Overall, the system has been a fantastic success. It gave people choice in how they saved, and incentives to do so. Personal savings in Chile are up from just a few hundred million dollars to tens of trillions of dollars today.

But no system is perfect. Self-employed people were not required to join the system, so many such people saved nothing or little. Young workers often did not bother to contribute, reckoning that retirement was a long way off. Low-paid, temporary workers had patchy saving records. The government guaranteed a minimum pension for those who contributed long-term – which, like the pension credit in the UK, gave many workers no incentive to save much at all. Some retired people drew down their pension benefits too rapidly, and ran out of money.

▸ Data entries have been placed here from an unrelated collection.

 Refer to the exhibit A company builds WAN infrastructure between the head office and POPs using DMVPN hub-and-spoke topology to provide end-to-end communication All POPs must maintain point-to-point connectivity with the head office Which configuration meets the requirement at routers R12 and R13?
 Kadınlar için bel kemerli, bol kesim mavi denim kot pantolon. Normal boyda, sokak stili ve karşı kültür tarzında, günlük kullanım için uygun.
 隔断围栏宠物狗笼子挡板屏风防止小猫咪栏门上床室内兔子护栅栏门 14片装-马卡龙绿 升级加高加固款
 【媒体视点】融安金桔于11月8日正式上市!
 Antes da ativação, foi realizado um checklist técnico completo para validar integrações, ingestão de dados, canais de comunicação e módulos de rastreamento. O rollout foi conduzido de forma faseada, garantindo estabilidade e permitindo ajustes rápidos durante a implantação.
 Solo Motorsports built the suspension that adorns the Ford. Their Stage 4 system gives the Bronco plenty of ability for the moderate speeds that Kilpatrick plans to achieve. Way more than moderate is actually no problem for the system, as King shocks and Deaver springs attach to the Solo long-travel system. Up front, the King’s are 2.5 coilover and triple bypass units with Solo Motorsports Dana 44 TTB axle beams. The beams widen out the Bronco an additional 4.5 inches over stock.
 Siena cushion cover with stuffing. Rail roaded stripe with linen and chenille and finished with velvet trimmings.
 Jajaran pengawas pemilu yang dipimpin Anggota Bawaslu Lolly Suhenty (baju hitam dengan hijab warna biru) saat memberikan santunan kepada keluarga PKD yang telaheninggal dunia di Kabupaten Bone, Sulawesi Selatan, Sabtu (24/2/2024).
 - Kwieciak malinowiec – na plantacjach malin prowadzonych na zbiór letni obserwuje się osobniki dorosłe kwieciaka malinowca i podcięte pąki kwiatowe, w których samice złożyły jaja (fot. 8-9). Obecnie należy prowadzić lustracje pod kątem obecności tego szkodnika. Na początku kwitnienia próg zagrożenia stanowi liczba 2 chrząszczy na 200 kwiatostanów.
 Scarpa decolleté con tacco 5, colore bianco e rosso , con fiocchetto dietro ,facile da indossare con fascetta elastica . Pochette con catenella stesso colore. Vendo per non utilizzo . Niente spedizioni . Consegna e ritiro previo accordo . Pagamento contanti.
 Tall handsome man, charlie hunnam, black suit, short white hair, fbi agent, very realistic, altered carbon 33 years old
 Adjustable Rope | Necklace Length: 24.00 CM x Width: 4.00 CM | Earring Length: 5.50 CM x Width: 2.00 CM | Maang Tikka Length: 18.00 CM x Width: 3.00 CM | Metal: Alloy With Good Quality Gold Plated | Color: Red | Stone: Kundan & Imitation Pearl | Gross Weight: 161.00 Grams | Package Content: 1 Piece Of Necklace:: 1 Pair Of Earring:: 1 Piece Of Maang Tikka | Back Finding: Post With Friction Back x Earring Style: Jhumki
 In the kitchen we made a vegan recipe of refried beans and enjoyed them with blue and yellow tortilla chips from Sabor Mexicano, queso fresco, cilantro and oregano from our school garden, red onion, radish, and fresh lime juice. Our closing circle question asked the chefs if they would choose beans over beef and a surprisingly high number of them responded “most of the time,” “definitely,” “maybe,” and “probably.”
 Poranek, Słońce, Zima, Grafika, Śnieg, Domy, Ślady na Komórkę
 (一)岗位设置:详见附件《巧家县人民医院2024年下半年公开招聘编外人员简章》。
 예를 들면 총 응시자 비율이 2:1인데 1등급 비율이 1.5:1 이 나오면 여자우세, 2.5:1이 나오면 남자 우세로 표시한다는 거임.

In 2008, Chile introduced a number of reforms to try to get round these problems. There were new supplements for people with little or nothing saved in their accounts. Wealthier people, and some self-employed persons, are now obliged to participate. Younger workers were given subsidy incentives to join. New rules were introduced to make sure that pensioners did not exhaust their accounts before they died. And there were new requirements on people to buy survivors' and disability insurance.

Will this work? My worry is that two-thirds of all pensioners will now receive some government pension support – which must reduce the incentive to save. Public benefits will comprise half the retirement income of the poorest households. The new survivors' and disability insurance will impose a new financial burden on families, which will eat into their savings. The public benefits will cost a noticeable fraction of the government budget – and paying for them will impose an effective tax, and quite a hefty one, on private pensions.

Chile's pension system was a commonsense breakthrough that many other countries have copied. As a pioneering system, it is not surprising that it threw up some problems to solve. But the solutions, I believe, should have been more in the direction of extending market principles rather than extending government interventions. It will be interesting to see what happens – and it will provide a lesson for us all.